I'm stuck on this one. My recommendation would be to finish college first. If you both truly love each other, what's the problem with waiting a little longer. That way, you can test your relationship to see how things go in different situations throughout the next 2 or 3 years. That's my advice. Now, I will tell you this, marrying at your age will be a test of resiliance and how strong your love is for each other. Marriage is VERY hard but rewarding at the same time. And as several of the posts on here said - you will change. You will be a different person when you are 25, 35, 45. You will have to steer your marriage through a barrage of ups and downs and come out still married on the other side - have no doubt you will have hard times but if your love is true and you do not ever give up on your yourselves, you will have a rich rewarding life. I wish I could tell you that everything was going to be rosy forever but I would be lying. The road is rocky and if you both drive it together you will be OK.

So with that said, here goes - My wife was 19 and I was 20 when we married, before that we dated for 6 years; we started dating when we were 14. We are now going to celebrate our 30th anniversary.

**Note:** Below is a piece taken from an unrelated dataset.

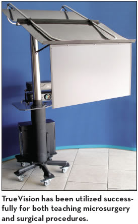 • TrueVision Systems’TrueVision Microsurgery Teaching System is a 3-D vision system for microscopes that frees users from looking through eyepieces. It is an ideal teaching and collaboration tool for ophthalmology and other disciplines where a microscope is used, allowing everyone to see the same image as if they were looking into the microscope, says TrueVision Systems. The optical 3-D image viewed through the microscope, is converted by TrueVision to a 3-D high-definition digital image, which can be displayed on a projection screen in real time, transforming stereomicroscopes into more ergonomic and collaborative devices.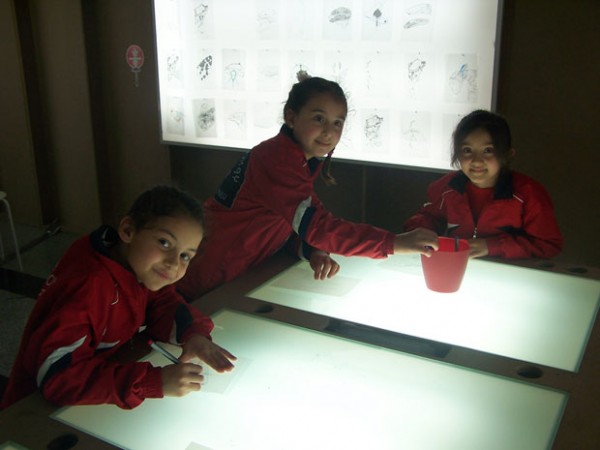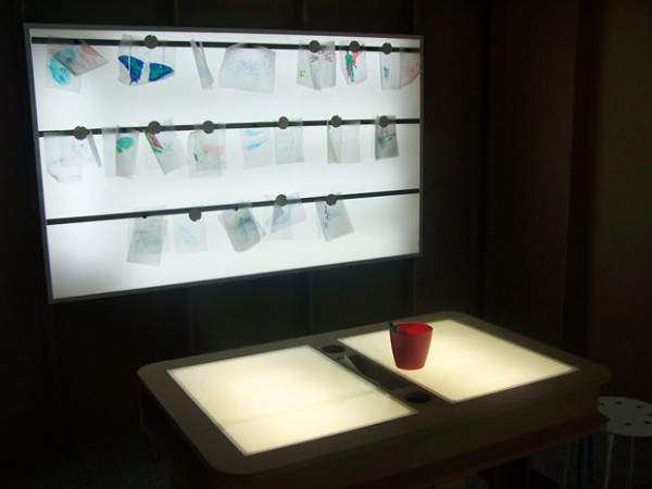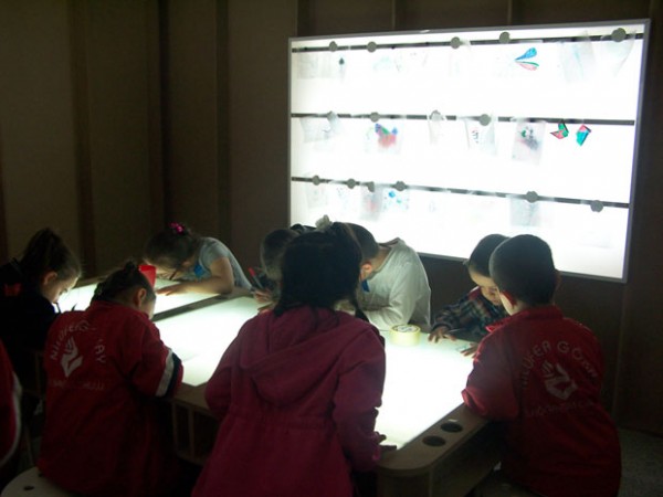 Işıklı masa bölümünde ise, çocukların yaratıcılıkları harekete geçiriliyor. Çocuklar daha önceden hazırlanmış olan uçan nesne kalıplarından dilediklerini seçiyor ve gönüllerince çizmeye başlıyorlar. Çizilen resimler ise, sonrasında ışıklı panolara asılarak sergideki yerlerini alıyor.

I am 49 and she is 48. I can tell you that it is a difficult road but I would not have spent the time with anyone else, I still love her as I did the day I married her even with the problems we have had. So really, it is all up to you and how much love, dedication, work, and sacrifice you are both willing to put into it.


----------



## H8M32DAY (Oct 16, 2008)

If you have any doubt in your mind at all, don't get married yet! Go out and experience life before you get tied down. At the very least live on your own for a couple of years.


----------



## 3773519 (Sep 24, 2009)

So much good advice here. Im 25 and my So is 31. We meet when i was like 19 or 20 and then had a baby and moved in together at like 20-21. I went from my moms house to living with him. I wish i would of waited. Even though he is an exellent father, and we make a good team as parents(thank God) we have been having a lot of trouble saving this relationship after 7 yrs. i would live on my own for a little. Enjoy being single and young. TRAVEL! i am fortunate that i still can enjoy my 20's but like i read above, i dont have complete freedom. Like anything in the beginning its all beautiful but u dont want to be 25 and feel like you didnt get a chance to do such and such. If you guys love each other you will respect each others wishes and try everything and anything to not ruin your relationship.


----------